The plunger lift system is shown in Figure 1-5. The plunger device rests above the bumper spring shown in illustration. The controller opens the well to flow, and the lubricator, catcher, and sensor on top of the existing wellhead retain the plunger when it surfaces. The controller timer shuts the well and releases the plunger, which falls to the bumper spring to start a new cycle.

Figure 1-5   Plunger lift system components.

Plungers can be used to aid intermittent gas lift or to lift liquids accumulating in gas wells, Figure 1-6. The application in lift design is for relatively low liquid rates. The well is shut in with the surface wellhead control valve, out of the picture, and the liquid column builds in the tubing. The well is opened and the differential pressure drives the plunger to the wellhead catcher, causing a slug of liquid to be lifted above it. If gas lift gas is used intermittently, the slug size lifted can be a greater volume.

The cycle of shut in, unloading of the slug with the plunger, and afterflow (mostly vapor with liquid mist) is repeated periodically, based on a field operator’s judgment of optimum time. Production testing to obtain rate versus cycle time is used determine the “optimum”.

Figure 1-6   Real-life example of plunger lift well.

PUMPING METHODS     

Pumping is a different process than gas lift. For pumping, the reservoir pressure is the driving energy to push fluid to the pump suction intake, not to the surface. Using the energy transferred downhole, the pump then raises the fluid pressure to drive it up to the wellhead, and into the surface facility (Figure 1-7). The pumping advantage is that reservoir pressure can decline much lower than that for natural flow or for a gas lift well.

Figure 1-7   Pump schematic and pressure gradient graph.

Purpose: To transfer energy down-hole to pump the fluid and raise its pressure.
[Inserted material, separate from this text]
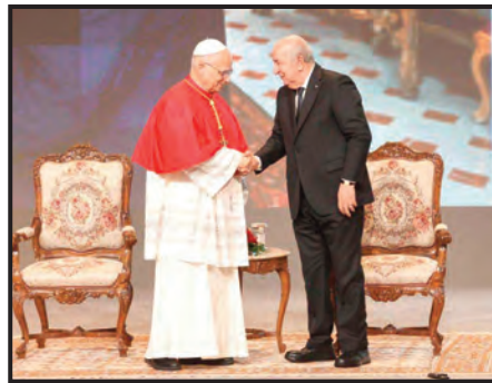
وأبرز عميد جامع الجزائر أهمية الحوار الذي أضفى "ضرورة حضارية" خيارا ثانويا، معربا عن أمه له أن

"ينقل هذا الحوار من دائرة القول إلى فضاء العمل المشترك في مختلف الميادين". كما لفت في هذا الصدد إلى أن المؤسسات الدينية الكبرى في العالمين الإسلامي والمسيحي "مدعوة اليوم إلى صناعة الأمل وبت الطمأنينة"، مؤكدا أن التعاون بينهما بإمكانه أن يشكل "ركيزة لأمن روحي عالمي، يوازي في ضرورته سائر أشكال الأمن التي ينشدها الإنسان".

The selection is electrical, mechanical, or hydraulic energy transferred down-hole to drive a centrifugal, reciprocating, progressive-cavity (screw), or jet pump. Pumping is best applied when:

 

 

Pump systems transfer the energy in a variety of methods, including:

Electric submersible pumps: use cable strapped to the tubing to power the submerged motor, which drives the multistage centrifugal pump. An option is cable attached to the motor/pump assembly and suspended similar to wireline operations.
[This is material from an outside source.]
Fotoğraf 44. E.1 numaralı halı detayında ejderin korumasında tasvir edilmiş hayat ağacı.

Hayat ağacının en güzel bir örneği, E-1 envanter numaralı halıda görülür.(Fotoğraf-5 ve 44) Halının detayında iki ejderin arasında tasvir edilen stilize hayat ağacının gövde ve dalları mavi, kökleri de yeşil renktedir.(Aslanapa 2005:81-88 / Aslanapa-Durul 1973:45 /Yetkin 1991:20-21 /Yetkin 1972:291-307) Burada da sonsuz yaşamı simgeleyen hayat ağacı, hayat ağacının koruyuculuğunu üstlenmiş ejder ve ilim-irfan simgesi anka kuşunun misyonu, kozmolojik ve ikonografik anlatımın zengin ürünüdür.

Sucker rod pumps: use a rod string lifted by the surface beam pump to reciprocate the down-hole positive displacement pump.
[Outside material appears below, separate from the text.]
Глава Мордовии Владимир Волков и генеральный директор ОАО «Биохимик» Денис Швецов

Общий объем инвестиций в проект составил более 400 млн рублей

Hydraulic jet pumps: use pressurized crude oil or water from the surface high-pressure pumps to create a high velocity jet stream with a venturi effect that intakes reservoir fluid.

Hydraulic reciprocating pumps: use pressurized crude oil or water from the surface high-pressure pumps to power a down-hole “engine” pump that is directly connected to the reservoir fluid reciprocating pump.

Progressive cavity pumps: use the rod string and a motor driver at the surface to rotate the progressive cavity screw pump.

ELECTRIC SUBMERSIBLE PUMPS

Electrical submersible pumping system surface facilities consist of generators/access to a power system, and transformers and connectors to the wellhead. An example of the electric submersible pump/motor assembly is given in Figure 1-8. The rate design for the pump must closely match reservoir delivery unless a variable frequency drive is used to alter motor speed and pump throughput. Additionally, wellhead of the electric submersible pump system must have an electric cable entering. The downhole electrical submersible components consist of an electrical power cable, electrical submersible motor, motor protector, and centrifugal pump.

Figure 1-8   Electric submersible pump

SUCKER ROD PUMPS

Sucker rod pumping system surface facilities consist of access to a power system and electric motor to drive the surface beam pump, or a gas engine driver connected to the beam pump.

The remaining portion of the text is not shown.